Figure 3 is a visualised network of keywords that had a frequency more than 50 and more using VOSviewer software from the recent years of 2011 until 2020. The network is divided into four clusters and illustrated by different colours. For the biggest cluster which is displayed in red colour, keywords “water content”, “drought”, “evapotranspiration” and other keywords that were related to “soil moisture” were included. This searched cluster indicated the relationship between soil moisture and agricultural production and growth mechanisms. It is essential to focus on the soil moisture in monitoring drought predicting, early warning and others as soil moisture drought can give huge influences the irrigation agriculture and long period of draught can be a threat to food security (Haile et al., 2020). In the smallest cluster in yellow colour, keywords related to soil–vegetation–atmosphere system such as “vegetation” and “atmospheric temperature” were included. This cluster is highly related to climate change as there are differences in responses of soil moisture to climate change in various parts worldwide, and the projection of soil moisture remained uncertainties (Berg & Sheffield, 2018).
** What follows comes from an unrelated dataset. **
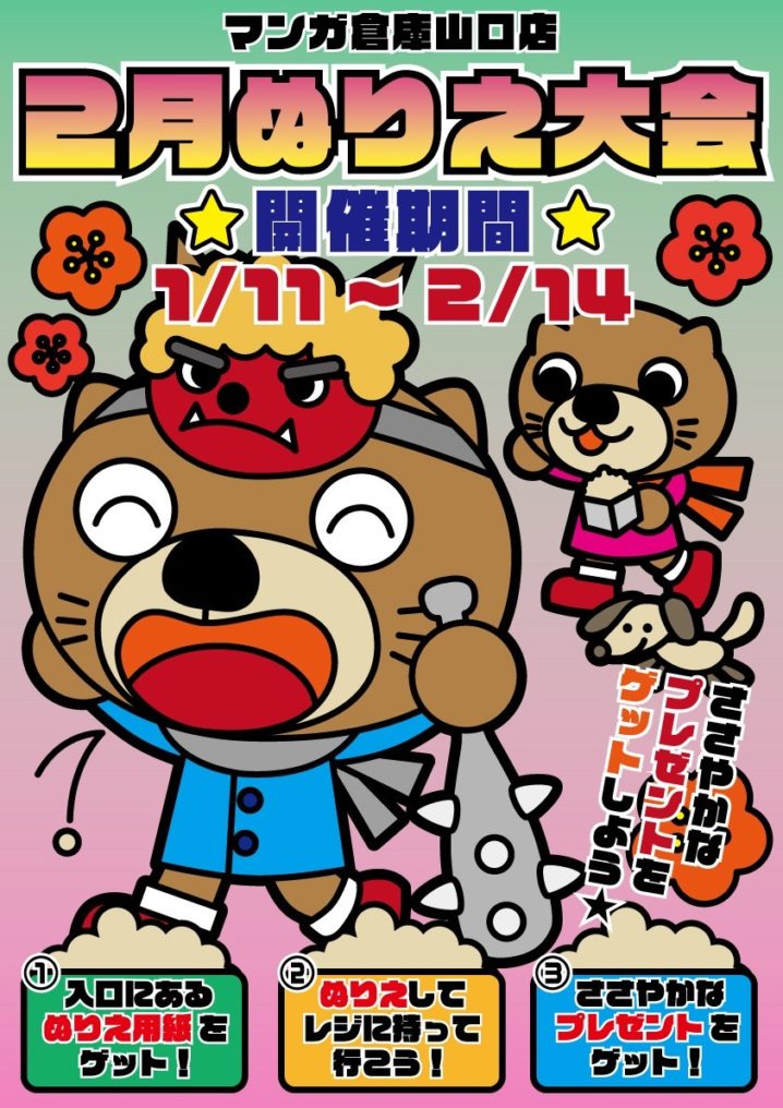 ぬりえ大会第2弾開催! 今回は「節分」と「バレンタイン」が題材です。 1階エスカレーター前にて用紙を用意しています。 色鉛筆も用意していますのでお母さんの買い物を待っている間お父さんと塗る事もできます。 塗り終わったら1…

Therefore, further research needs to be done to enhance the prediction and forecast models of climate change and drought by understanding and investigating among the element of soil–vegetation–atmosphere mechanism.

Fig. 3
figure 3

The co-occurrence network map of keywords from 2011 to 2020

“Satellite data,” “radiometer” and “calibration” alongside with other keywords were included in green cluster as it was related to the MODIS remote sensing tools. Almost related to blue cluster, both of these cluster describing the research approach of soil moisture based on remote sensing technology. This method used to improve and upgrade the accuracy of soil moisture measurement and monitoring as remote sensing technology is establishing multi-index or multivariate soil moisture inversion models by using multiple satellite datasets (Zhang et al., 2020). Soil moisture data in deep soil layers can be obtained by developing method by using satellite data thus can be a great approach on drought monitoring in large spatial scale (Haile et al., 2020).

4 Conclusions

In this study, bibliometric review was portrayed to analyse and reveal the trends and patterns in soil moisture using remote sensing research fields. MODIS is one of the remote sensing satellites launched that benefitted soil moisture study. This study collected reliable SCOPUS database from 2000 until 2020 with data interpreted software VOSviewer. The exported and analysed data shows that annually, the number of articles gradually increases steadily proving that soil moisture using remote sensing had wide study prospects. Global cooperation specifically between developed countries such as the USA, France and other countries is noticeably an essential incentive to the further study in soil moisture using remote sensing. This can be seen from the published articles, and citations per article of international cooperation had higher frequency than independent published articles. As for developing countries, more high impact articles and outputs are needed to be produced in the future. Many developed countries’ universities lack the framework of ethical oversight boards. Colleagues from both developing and developed countries could work together on requests for support from agencies. Researchers from developing countries will be able to access the existing ethical review processes at universities in developed countries as a result of this collaboration. In terms of soil moisture, the study is mostly related to agriculture production and life such as environmental, agriculture and ecology. The soil moisture data are also important as it can be applied for drought and climate change prediction models. With the aid of remote sensing technology, the ease of access of internet, advanced satellite data and high-quality references from the previous studies by other researchers, the accuracy of the models can be improved remarkably. Hence, global warming issue that concerned worldwide could be reducing with high precision models.